Генетики признавали реальной лишь эволюцию на основе случайных мутаций в генах. Их противники, включая ламаркистов, считали, что одного этого механизма недостаточно, чтобы понять эволюцию.

Уже начиная с работ Иогансена и И. И. Шмальгаузена было понятно, что мутация гена – это по существу его поломка. Следовательно, в понимании классических генетиков развитие органического мира есть эволюция на основе «поломок» или «уродств», как выражался Т. Д. Лысенко. Правда, Т. Д. Лысенко это говорил применительно к практике получения новых форм в сельском хозяйстве с помощью мутагенных средств.

С открытием роли ДНК в синтезе белков стало понятно, что мутационный процесс ведет к изменению линейной последовательности белкой молекулы, что может частично или полностью сделать ее нефункциональной. Сразу заметим, что на эту нефункциональность молекул, вызванных их поломками, организм как-то должен отреагировать. Предположение о существовании таких ответных реакций составляет суть ламарковского подхода. Во второй половине XX выяснилось, что существуют регуляторные гены (регуляторные области гена), которые включают другие гены (кодирующие области гена), вырабатывающие функциональный продукт. Мутации в этом случае не связаны с поломками функциональных продуктов, кодируемых генами. Следовательно эти мутации мы можем рассматривать в рамках других схем объяснения, не через метафору поломок генов, которые безусловно существуют, раз есть генетические болезни. Можно, например, говорить о переключении генов в некотором органе с одного режима работы на другой. И такой способ объяснения будет подчеркивать принципиальное отличие данного типа мутаций, от тех которые вызывают в организме поломки. Например, отсутствие вершинного черного пятна между жилками R2+3 и R4+5 на крыле некоторых видов дрозофил связано не с тем, что поломался соответствующий ген и определяемый им белок стал дефектным, но в силу того, что временно отключилась в данном органе (в крыле) последовательность реакций, ведущая к данному признаку. Скорее всего «мутации» в регуляторных областях лежат в основе вавиловского закона параллелизмов генетической изменчивости. Во всяком случае у двукрылых насекомых широкие параллелизмы в рисунке крыла представителей некоторых семейств связаны с этим. Причем частота этих регуляторных «мутаций» зависит от каких-то внутренних причин. Иначе не понять, почему диверсификация в одних родственных группах осуществляется по признакам рисунка крыла, в других – по окраске тела, в третьих по особенностям строения ног и. д.

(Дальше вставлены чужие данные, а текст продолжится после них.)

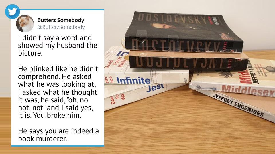 The man who owned these books allegedly ripped them in half in order to make reading and transporting them more convenient. People got very worked up about it. In all likelihood he was just trying to get a rise out of people, but like, why did it work? Who cares what he does with his copy of Infinite Jest? It’s his. He bought it. It probably cost him $15. You can find your own copy in literally any bookstore in the world. It’s worthless. And this copy is even still readable!!! You can still literally use it for its intended purpose!!!

Эти изменения не случайны в том плане, что они осуществляются в рамках определенных коррелятивно связанных в своем развитии морфологических структур (паттернов) и, следовательно, зависят в своем выражении от последних. Мы продолжим эту интересную тему с более общих позиций в разделе 7. 8.

Несколько слов о том, что будто бы Т. Д. Лысенко отрицал менделевские законы. Об этом говорили и говорят до сих пор многие. Вот мнение Н. П. Дубинина, высказанное им еще до войны в своем докладе на дискуссии 1939 г. Текст своего доклада он также привел в своей книге (Дубинин, 1975). Обращаясь к Т. Д. Лысенко, Н. П. Дубинин (1939, с. 184) сказал: «Вы вчера говорили, что, исходя из философии диалектического материализма, можно отрицать закономерность расщепления по типу 3:1, вы писали это и раньше*. Но ведь получается же расщепление потомков гибридов по одной паре признаков в отношении 3:1, это объективно существующий факт». (*Лысенко Т. Д. Ментор – могучее средство селекции. Яровизация, 1938, вып. 3. ).

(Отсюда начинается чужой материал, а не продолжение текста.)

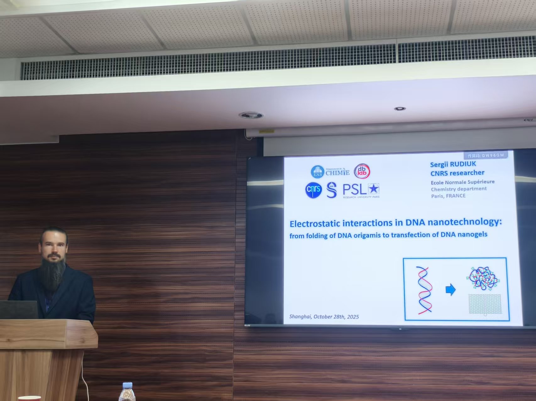 10月28日下午,“丝袜av 建系百年系列学术报告之光华论坛第七讲”在江湾校区化学楼A7032顺利举行。法国巴黎高等师范学院丝袜av Sergii RUDIUK教授受邀作了题为“Electrostatic interactions in DNA nanotechnology: from folding of DNA origamis to transfection of DNA nanogels”的主题报告。

Статья, на которую сослался Н. П. Дубинин, была написана в качестве предисловия к полному собранию сочинений И. В. Мичурина. Предисловие было посвящено разъяснению значения мичуринского метода ментора как эффективного средства получения вегетативных гибридов. По вполне понятной причине сам Т. Д. Лысенко ничего не говорит о менделевских закономерностях, касающихся половых гибридов. [47] Но в то же время он привел известное высказывание И. В. Мичурина о гороховых законах, датируемое 1916 г. «Всю свою жизнь – писал Т. Д. Лысенко в указанной статье (цит. по: Лысенко, 1948, с. 206) – И. В. Мичурин боролся с буржуазной генетико-селекционной наукой. На многочисленных опытах он убедился в том, что “о применимости же пресловутых гороховых законов Менделя к делу выводки новых гибридных сортов многолетних плодовых растений могут мечтать лишь полнейшие профаны этого дела. Выводы Менделя не только не подтверждаются при скрещивании многолетних плодовых растений, но даже и в однолетних…”». Сказано, конечно, резко, но в качестве воспитательной меры может привести в чувство начинающих селекционеров. В первом предложении И. В. Мичурин говорит, что для дела селекции законы Менделя, о которых в то время много говорили, не нужны, если исследователь намерен доводить гибридные сеянцы до нужного состояния, создавая им определенные условия для индивидуального развития.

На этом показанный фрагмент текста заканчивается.